BEGIN Extracted data

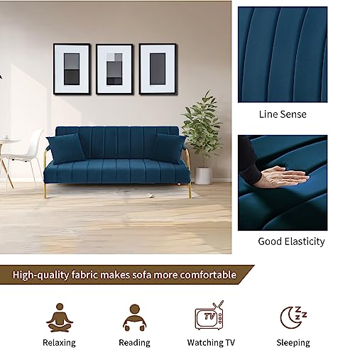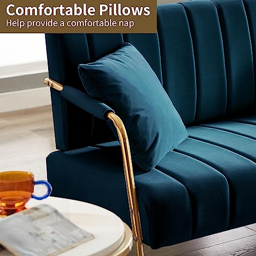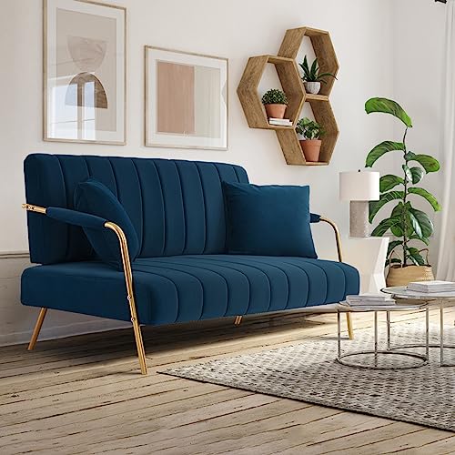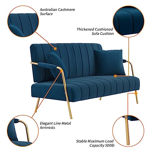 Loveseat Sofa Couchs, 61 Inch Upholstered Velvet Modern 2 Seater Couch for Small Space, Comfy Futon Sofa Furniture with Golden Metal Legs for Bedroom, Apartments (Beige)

END Extracted data
BEGIN Extracted data

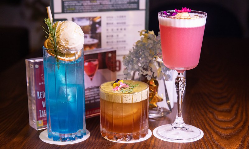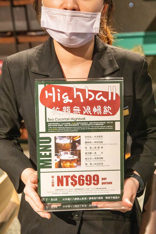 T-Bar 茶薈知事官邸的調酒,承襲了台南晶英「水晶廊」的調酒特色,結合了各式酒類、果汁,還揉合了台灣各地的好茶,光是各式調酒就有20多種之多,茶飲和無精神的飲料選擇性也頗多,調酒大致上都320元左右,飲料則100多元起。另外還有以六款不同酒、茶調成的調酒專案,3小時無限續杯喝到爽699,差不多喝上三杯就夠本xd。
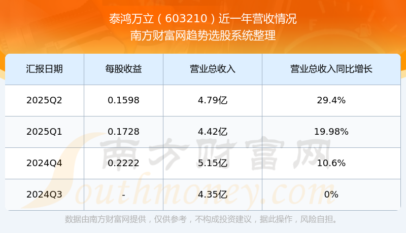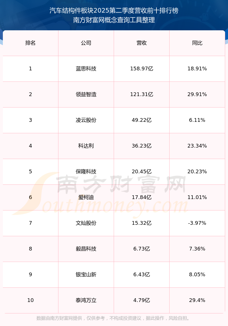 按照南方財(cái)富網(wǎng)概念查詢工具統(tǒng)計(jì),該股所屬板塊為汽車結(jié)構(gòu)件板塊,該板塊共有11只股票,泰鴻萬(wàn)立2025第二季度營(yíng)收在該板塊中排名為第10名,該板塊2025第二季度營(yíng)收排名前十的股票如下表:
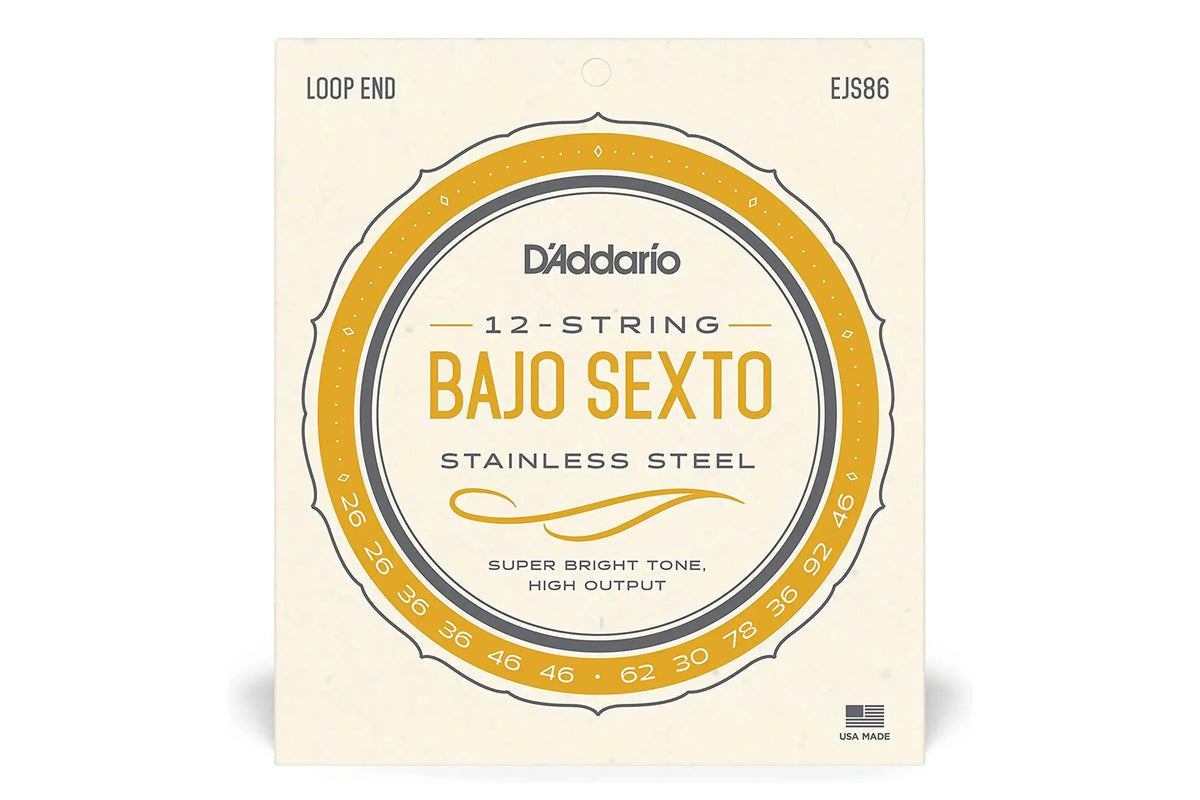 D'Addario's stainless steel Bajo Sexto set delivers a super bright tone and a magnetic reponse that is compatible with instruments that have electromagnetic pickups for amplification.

END Extracted data
BEGIN Extracted data

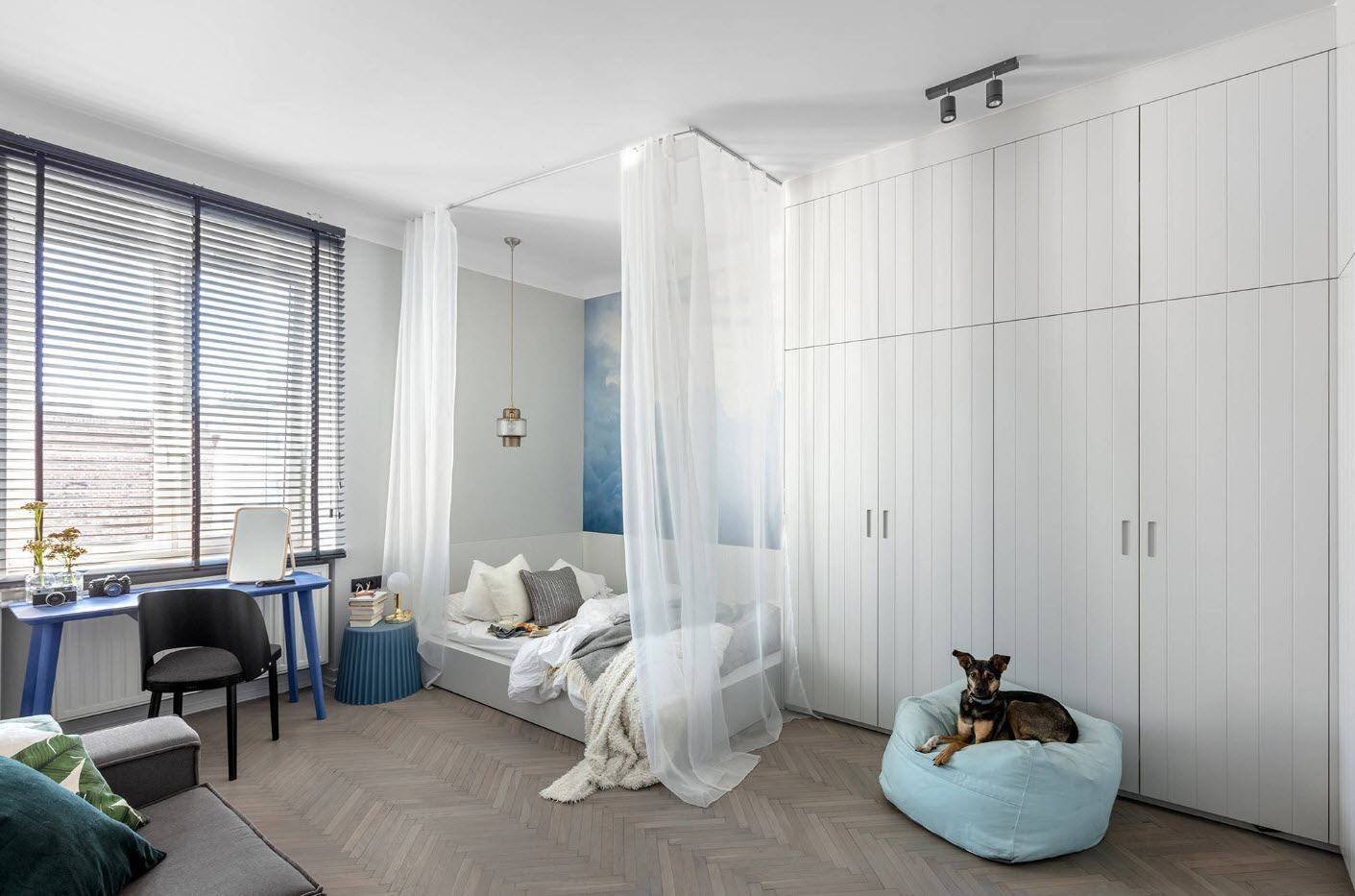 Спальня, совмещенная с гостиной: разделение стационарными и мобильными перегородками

END Extracted data

**What is being asked**
Above are records with pictures. Reproduce exactly only the lines from the line with "按照南方財(cái)富網(w" through the line with "D'Addario's stainless steel", both ends included, and leave the pictures out.

**Problem solution**
 按照南方財(cái)富網(wǎng)概念查詢工具統(tǒng)計(jì),該股所屬板塊為汽車結(jié)構(gòu)件板塊,該板塊共有11只股票,泰鴻萬(wàn)立2025第二季度營(yíng)收在該板塊中排名為第10名,該板塊2025第二季度營(yíng)收排名前十的股票如下表:
 D'Addario's stainless steel Bajo Sexto set delivers a super bright tone and a magnetic reponse that is compatible with instruments that have electromagnetic pickups for amplification.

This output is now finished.